Washington’s shift from regulation to standards
The equity-stake discussion is occurring as the White House moves toward a more operational oversight posture for frontier AI systems. The Financial Times reports that the White House is preparing voluntary standards for frontier models following interventions involving recent systems from OpenAI and Anthropic.
Those standards are expected to be announced as early as next week and would cover security benchmarks, define review timelines, and clarify access rules for the most advanced models—both within the United States and abroad. In practice, that implies the US is seeking to formalize “how” advanced models are handled, not just “whether” they meet broad requirements.
Separately, reporting indicates that the Trump administration requested a staggered rollout of OpenAI’s GPT-5.6 and temporarily imposed export controls on Anthropic’s latest models due to cybersecurity concerns before later lifting the restrictions. Coverage from The Guardian describes these steps as part of a broader pattern of active involvement in model deployment and distribution.
Earlier reporting also highlighted how quickly the policy environment can change for model release and export. Cointelegraph, for example, noted that Anthropic planned to bring back its newest models after the US lifted export controls. That coverage underscores how regulatory or security decisions can directly affect availability.
Potential implications for IPO timing and governance
Because equity proposals intersect with capital markets, the timing of OpenAI’s public listing plans is hard to ignore. A potential IPO changes the internal calculus for any government-related ownership or governance mechanism: it can alter how negotiations are framed, how disclosures are handled, and how investors assess regulatory risk.
The reported talks also highlight a broader tension facing the largest AI firms. On one hand, they are moving toward greater transparency and public-market visibility. On the other, they are operating under a government that appears increasingly willing to intervene directly—whether through standards, access rules, rollout expectations, or export controls.

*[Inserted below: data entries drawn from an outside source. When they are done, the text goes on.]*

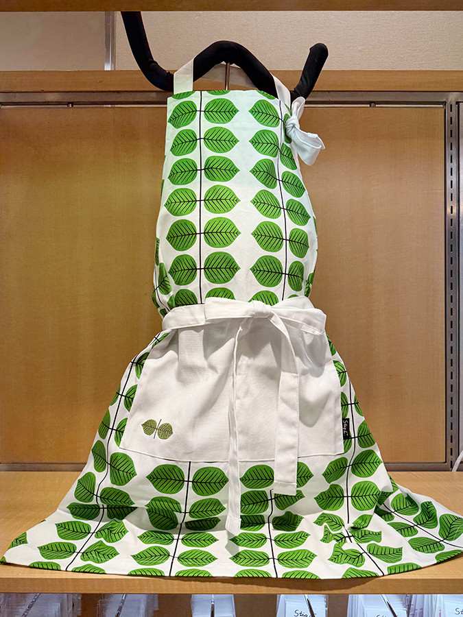 編集部イチオシはこちら。リンドベリを代表するリーフ模様をあしらったエプロン。毎日の料理を北欧デザインとともに楽しめる、実用性と美しさを兼ね備えた一枚です。6,600円
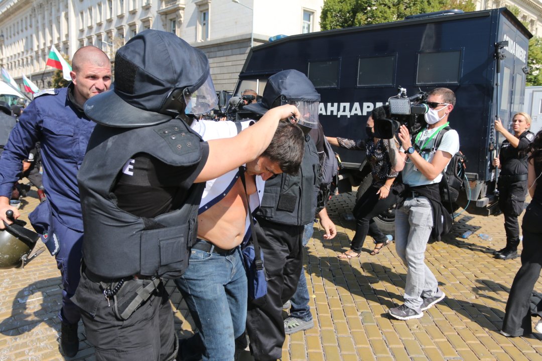 П.Д. завежда иск за 5000 лв. срещу СДВР и срещу жандармерията, тъй като не е ясно чии служители са му причинили вредите. Мъжът твърди, че на 2 септември 2020 г. по време на участието му в мирна демонстрация в София на площада между сградите на БНБ и парламента, заедно с други граждани се опитал да премине по посока на Военния клуб. Тогава му бил нанесен побой по гърба и задното бедро от обградилите го петима жандармеристи, които го повалили на земята. Други протестиращи успели да го издърпат и той, заедно с други лица лежал на земята в замаяно състояние. Тогава един от жандармеристите се приближил и от около 20 см разстояние изпразнил в лицето му цял флакон със сълзотворен спрей.
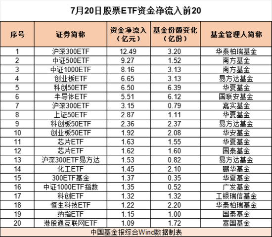 从资金净流入排行来看,7月20日当日,宽基ETF产品吸金居前,其中,沪深300EF、中证500ETF、中证1000ETF位列前三,资金净流入分别为12.49亿元、9.27亿元、8.16亿元;此外,尽管半导体板块下跌,但资金却持续买入,当日半导体ETF份额增加了6.12亿份,资金净流入达5.5亿元,跻身资金净流入榜前10。另有2只芯片ETF当日份额增幅也均超1.5亿份,资金净流入超1.6亿元。
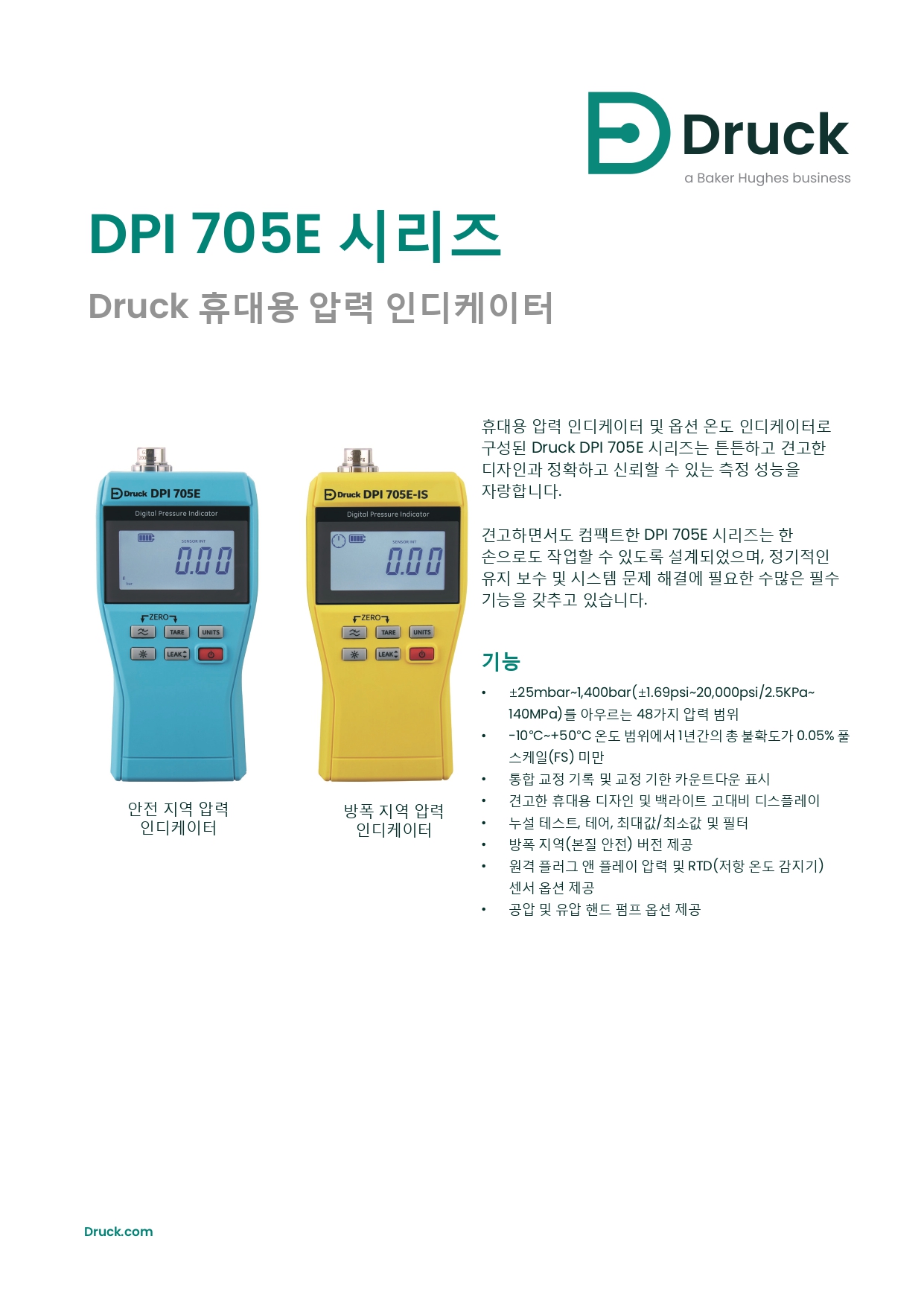 제품소개 | DPI705E Series Handheld Indicators Druck의 휴대용 압력 및 온도(옵션) 인디게이터인 DPI705E는 견고한 설계와 정확하고 신뢰할 수 있는 측정을 결합합니다. 작고 강력한 DPI705E 시리즈는 한 손으로 쉽게 작동하도록 설계되었으며, 일상적인 유지 관리 및 시스템 트러블 슈팅에 필요한 많은 필수 기능을 제공합니다. | ||||

Cointelegraph reports it reached out to OpenAI for comment on the discussions but had not received a response at the time of publication. Until OpenAI or the administration provides further clarification, the equity-stake concept should be treated as a reported proposal rather than an announced policy.
Still, for market participants, the direction of travel is clear: AI oversight is evolving into something more detailed and more closely tied to how advanced models move through the economy and across borders. If voluntary standards harden into practical gatekeeping—or if equity-based public participation gains traction—AI companies may face a governance reality where policy alignment becomes part of competitive strategy rather than a post-launch compliance step.
Readers should watch next whether the White House’s upcoming voluntary standards are sufficiently specific to guide developers’ release and security processes, and whether any government-aligned ownership concept gains support from other major AI firms beyond OpenAI. Those two threads—standards and financial participation—could determine how quickly policy risk becomes predictable for the sector.